What you have to do
Quote each line of the material verbatim, without the pictures.

Information provided
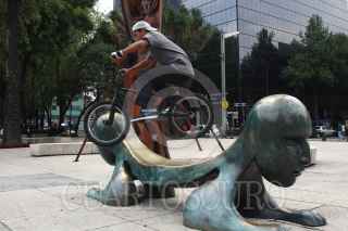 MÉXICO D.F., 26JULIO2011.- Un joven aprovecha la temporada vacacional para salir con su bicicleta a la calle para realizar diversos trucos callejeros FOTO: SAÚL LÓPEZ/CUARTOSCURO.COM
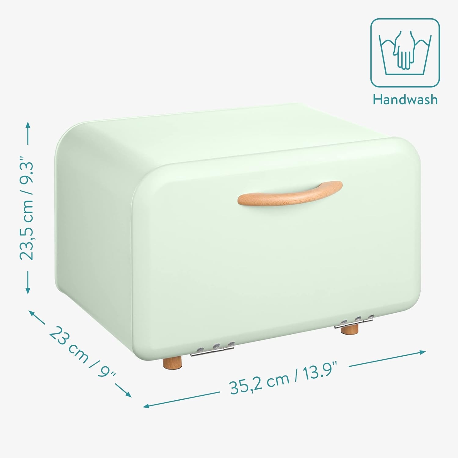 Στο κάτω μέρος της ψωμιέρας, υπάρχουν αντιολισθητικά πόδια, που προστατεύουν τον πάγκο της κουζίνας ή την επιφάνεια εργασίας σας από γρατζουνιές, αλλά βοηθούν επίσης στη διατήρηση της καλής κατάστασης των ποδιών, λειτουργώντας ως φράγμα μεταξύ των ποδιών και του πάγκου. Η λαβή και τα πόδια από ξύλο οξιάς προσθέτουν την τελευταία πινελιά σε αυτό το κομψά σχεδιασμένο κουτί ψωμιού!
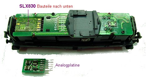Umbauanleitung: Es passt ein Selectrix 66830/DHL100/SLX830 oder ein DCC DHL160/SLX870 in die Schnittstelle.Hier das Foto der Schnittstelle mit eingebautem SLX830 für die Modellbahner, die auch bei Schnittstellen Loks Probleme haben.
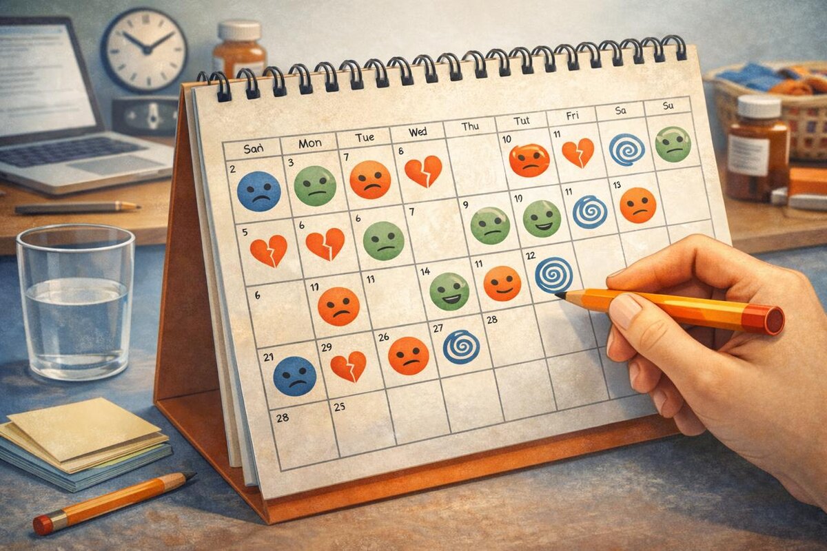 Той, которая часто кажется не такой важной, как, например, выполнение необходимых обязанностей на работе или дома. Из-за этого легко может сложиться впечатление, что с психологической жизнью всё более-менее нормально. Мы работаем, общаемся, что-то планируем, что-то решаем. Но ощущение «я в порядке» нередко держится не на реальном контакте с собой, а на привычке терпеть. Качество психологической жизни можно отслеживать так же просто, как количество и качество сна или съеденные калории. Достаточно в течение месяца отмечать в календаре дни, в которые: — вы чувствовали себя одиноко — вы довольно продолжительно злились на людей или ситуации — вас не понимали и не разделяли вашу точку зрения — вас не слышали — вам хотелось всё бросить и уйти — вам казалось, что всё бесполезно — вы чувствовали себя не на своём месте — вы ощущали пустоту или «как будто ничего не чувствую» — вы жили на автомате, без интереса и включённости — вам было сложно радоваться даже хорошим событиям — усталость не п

Response box
 MÉXICO D.F., 26JULIO2011.- Un joven aprovecha la temporada vacacional para salir con su bicicleta a la calle para realizar diversos trucos callejeros FOTO: SAÚL LÓPEZ/CUARTOSCURO.COM
 Στο κάτω μέρος της ψωμιέρας, υπάρχουν αντιολισθητικά πόδια, που προστατεύουν τον πάγκο της κουζίνας ή την επιφάνεια εργασίας σας από γρατζουνιές, αλλά βοηθούν επίσης στη διατήρηση της καλής κατάστασης των ποδιών, λειτουργώντας ως φράγμα μεταξύ των ποδιών και του πάγκου. Η λαβή και τα πόδια από ξύλο οξιάς προσθέτουν την τελευταία πινελιά σε αυτό το κομψά σχεδιασμένο κουτί ψωμιού!
Umbauanleitung: Es passt ein Selectrix 66830/DHL100/SLX830 oder ein DCC DHL160/SLX870 in die Schnittstelle.Hier das Foto der Schnittstelle mit eingebautem SLX830 für die Modellbahner, die auch bei Schnittstellen Loks Probleme haben.
 Той, которая часто кажется не такой важной, как, например, выполнение необходимых обязанностей на работе или дома. Из-за этого легко может сложиться впечатление, что с психологической жизнью всё более-менее нормально. Мы работаем, общаемся, что-то планируем, что-то решаем. Но ощущение «я в порядке» нередко держится не на реальном контакте с собой, а на привычке терпеть. Качество психологической жизни можно отслеживать так же просто, как количество и качество сна или съеденные калории. Достаточно в течение месяца отмечать в календаре дни, в которые: — вы чувствовали себя одиноко — вы довольно продолжительно злились на людей или ситуации — вас не понимали и не разделяли вашу точку зрения — вас не слышали — вам хотелось всё бросить и уйти — вам казалось, что всё бесполезно — вы чувствовали себя не на своём месте — вы ощущали пустоту или «как будто ничего не чувствую» — вы жили на автомате, без интереса и включённости — вам было сложно радоваться даже хорошим событиям — усталость не п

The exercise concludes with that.